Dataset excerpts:
►

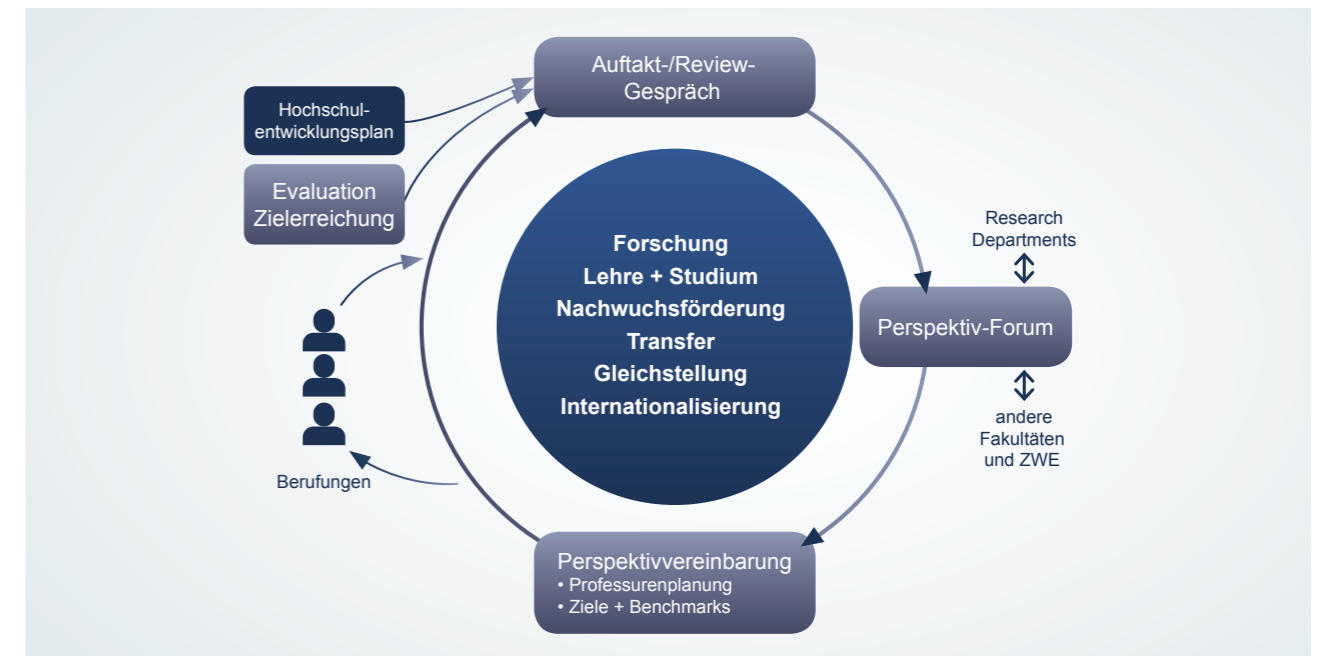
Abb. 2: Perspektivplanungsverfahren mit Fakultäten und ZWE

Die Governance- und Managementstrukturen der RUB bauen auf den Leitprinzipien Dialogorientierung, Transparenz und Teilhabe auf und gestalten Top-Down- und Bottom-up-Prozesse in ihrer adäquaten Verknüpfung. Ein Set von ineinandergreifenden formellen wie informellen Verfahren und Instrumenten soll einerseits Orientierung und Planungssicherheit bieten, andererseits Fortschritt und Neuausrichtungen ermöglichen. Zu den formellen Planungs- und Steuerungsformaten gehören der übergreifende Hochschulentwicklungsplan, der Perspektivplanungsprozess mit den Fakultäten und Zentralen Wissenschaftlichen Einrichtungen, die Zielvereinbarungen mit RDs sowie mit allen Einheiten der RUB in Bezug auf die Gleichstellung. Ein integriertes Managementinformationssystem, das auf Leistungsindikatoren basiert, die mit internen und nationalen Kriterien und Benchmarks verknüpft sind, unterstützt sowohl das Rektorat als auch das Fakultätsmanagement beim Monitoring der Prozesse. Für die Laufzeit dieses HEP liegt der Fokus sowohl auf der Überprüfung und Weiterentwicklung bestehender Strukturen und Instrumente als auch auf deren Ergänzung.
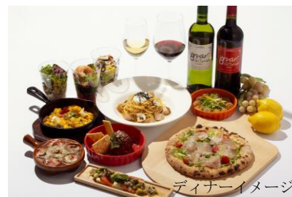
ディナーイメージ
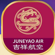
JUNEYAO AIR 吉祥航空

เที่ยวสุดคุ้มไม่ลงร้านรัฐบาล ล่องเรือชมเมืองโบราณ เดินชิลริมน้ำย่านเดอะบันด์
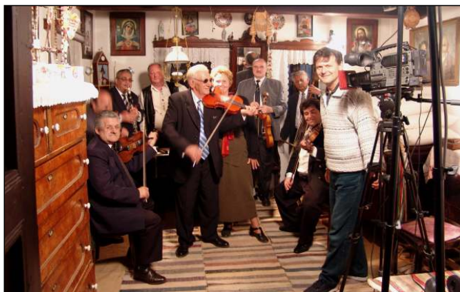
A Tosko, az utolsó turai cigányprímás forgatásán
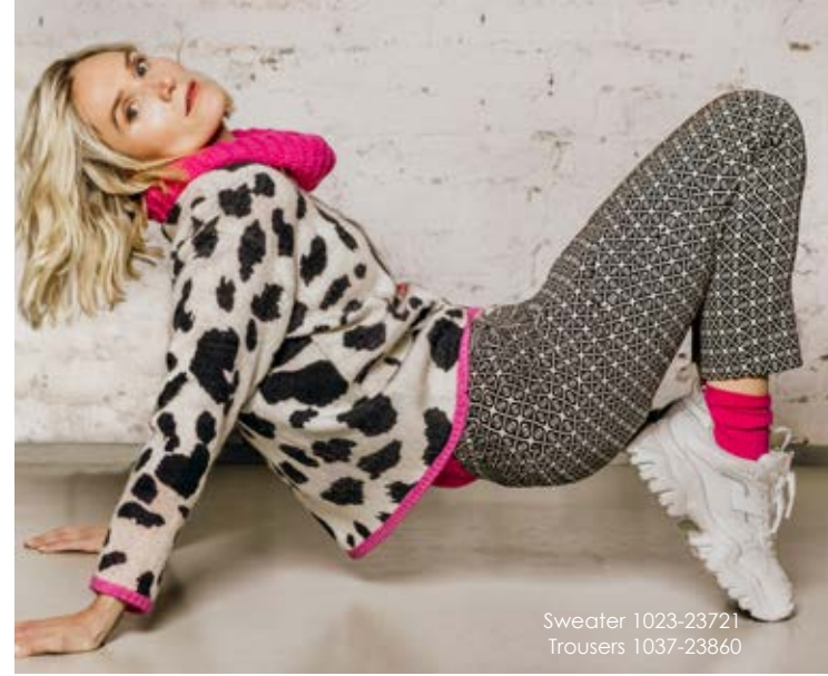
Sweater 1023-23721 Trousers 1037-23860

◄

> _PROBLEM TO SOLVE_: I would like an exact copy of the lines from the one holding "JUNEYAO AIR 吉祥航空" through the last line of the entries above, with the pictures left out.

> _COMPLETED EXERCISE_:
JUNEYAO AIR 吉祥航空

เที่ยวสุดคุ้มไม่ลงร้านรัฐบาล ล่องเรือชมเมืองโบราณ เดินชิลริมน้ำย่านเดอะบันด์
A Tosko, az utolsó turai cigányprímás forgatásán
Sweater 1023-23721 Trousers 1037-23860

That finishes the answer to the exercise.